In attesa della più estrema RS4, tocca all'Audi S4 cominciare a riempire la casella riservata alle sportive della nuova generazione della famiglia A4.

In arrivo dalla fine dell’estate, sarà proposta in versione berlina e station wagon Avant, partendo rispettivamente da un prezzo di 63.900 e 65.500 euro.

Non è difficile riconoscerla grazie ad appendici aerodinamiche, prese d’aria allargate, gusci degli specchi di colore grigio, diffusore posteriore e scarichi a quattro terminali.

A bordo c’è un volante specifico, con la strumentazione digitale che mostra una nuova pagina con al centro un grande contagiri. I dispostivi elettronici di controllo, i sistemi di assistenza e l’infotainment sono gli stessi del resto della famiglia. I sedili sportivi possono essere dotati, in opzione, di funzione di massaggio. Il cuore pulsante della versione è il rinnovato V6 TFSI di 3 litri, che del precedente conserva praticamente solo le misure di alesaggio e corsa. Anche grazie all’iniezione diretta e al turbocompressore, eroga 354 cavalli, 21 in più che in precedenza, con la coppia massima salita da 440 a 500 Nm.

L’assetto è stato ribassato di 24 mm rispetto ai modelli base, con la possibilità di avere, su richiesta e a pagamento, gli ammortizzatori a regolazione dinamica. È in opzione anche il differenziale posteriore, che migliora il comportamento dinamico della vettura soprattutto se impegnata in sequenze di una curva dietro l’altra.
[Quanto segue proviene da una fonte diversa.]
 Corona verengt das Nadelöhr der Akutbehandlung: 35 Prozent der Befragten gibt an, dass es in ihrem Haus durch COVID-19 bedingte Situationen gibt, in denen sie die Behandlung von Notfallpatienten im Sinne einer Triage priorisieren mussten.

Alla guida, il motore convince per la progressione lungo tutto l’arco di giri, con il limitatore a quota 6500, e anche per un rumore gradevolmente sportivo in modalità dinamica. Quest’ultima è una delle tre disponibili per l’utilizzo della vettura insieme a quella confortevole e a quella auto, che si adatta allo stile di guida del momento.
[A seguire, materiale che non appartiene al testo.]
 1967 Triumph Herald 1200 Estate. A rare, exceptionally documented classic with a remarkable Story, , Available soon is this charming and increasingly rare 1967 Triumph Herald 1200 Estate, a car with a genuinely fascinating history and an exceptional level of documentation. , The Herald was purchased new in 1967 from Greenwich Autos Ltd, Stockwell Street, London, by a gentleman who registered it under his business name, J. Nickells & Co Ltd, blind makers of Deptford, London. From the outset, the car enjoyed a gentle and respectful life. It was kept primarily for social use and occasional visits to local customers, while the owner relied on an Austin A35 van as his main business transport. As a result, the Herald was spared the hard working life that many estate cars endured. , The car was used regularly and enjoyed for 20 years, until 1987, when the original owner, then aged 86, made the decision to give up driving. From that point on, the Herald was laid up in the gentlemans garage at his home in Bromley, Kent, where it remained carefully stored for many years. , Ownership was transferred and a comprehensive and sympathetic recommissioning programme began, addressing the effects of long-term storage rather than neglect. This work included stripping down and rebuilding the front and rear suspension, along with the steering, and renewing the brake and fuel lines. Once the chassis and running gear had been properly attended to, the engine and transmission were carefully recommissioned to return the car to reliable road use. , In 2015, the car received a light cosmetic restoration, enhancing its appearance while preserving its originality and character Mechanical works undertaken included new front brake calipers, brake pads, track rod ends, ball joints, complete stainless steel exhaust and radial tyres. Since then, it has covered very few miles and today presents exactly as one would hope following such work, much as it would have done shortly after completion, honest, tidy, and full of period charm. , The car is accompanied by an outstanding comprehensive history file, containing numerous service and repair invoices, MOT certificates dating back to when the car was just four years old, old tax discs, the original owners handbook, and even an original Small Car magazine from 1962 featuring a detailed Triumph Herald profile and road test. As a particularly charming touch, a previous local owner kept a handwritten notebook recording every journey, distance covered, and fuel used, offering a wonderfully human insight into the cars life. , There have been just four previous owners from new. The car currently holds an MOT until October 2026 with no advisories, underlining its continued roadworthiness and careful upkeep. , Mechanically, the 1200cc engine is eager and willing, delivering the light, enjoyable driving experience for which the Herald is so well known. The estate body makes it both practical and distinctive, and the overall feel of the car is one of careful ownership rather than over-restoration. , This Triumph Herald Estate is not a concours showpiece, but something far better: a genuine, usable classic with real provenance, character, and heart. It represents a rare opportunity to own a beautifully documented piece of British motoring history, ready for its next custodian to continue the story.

Con una velocità autolimitata a 250 km/h, il tempo in accelerazione da 0 a 100 km/h è di 4”7 per la berlina e di 4”9 per la Avant. Piace molto il cambio automatico a otto marce, utilizzabile come un manuale con le leve al volante di serie.

La tenuta di strada è rassicurante grazie alle ottime doti di stabilità di un’auto che sfrutta il notevole equilibrio del telaio. Avvicinandosi ai limiti di tenuta affiora un progressivo e ben controllabile sottosterzo che certamente agevola nel controllo del mezzo.

La Avant appare solo un po’ meno diretta nelle reazioni della berlina, con un’impostazione e un comportamento simile. La trazione è integrale, con una ripartizione di base del 60% al retrotreno che può variare sino a un massimo dell’85% dietro oppure davanti in funzione delle condizioni di aderenza del fondo stradale.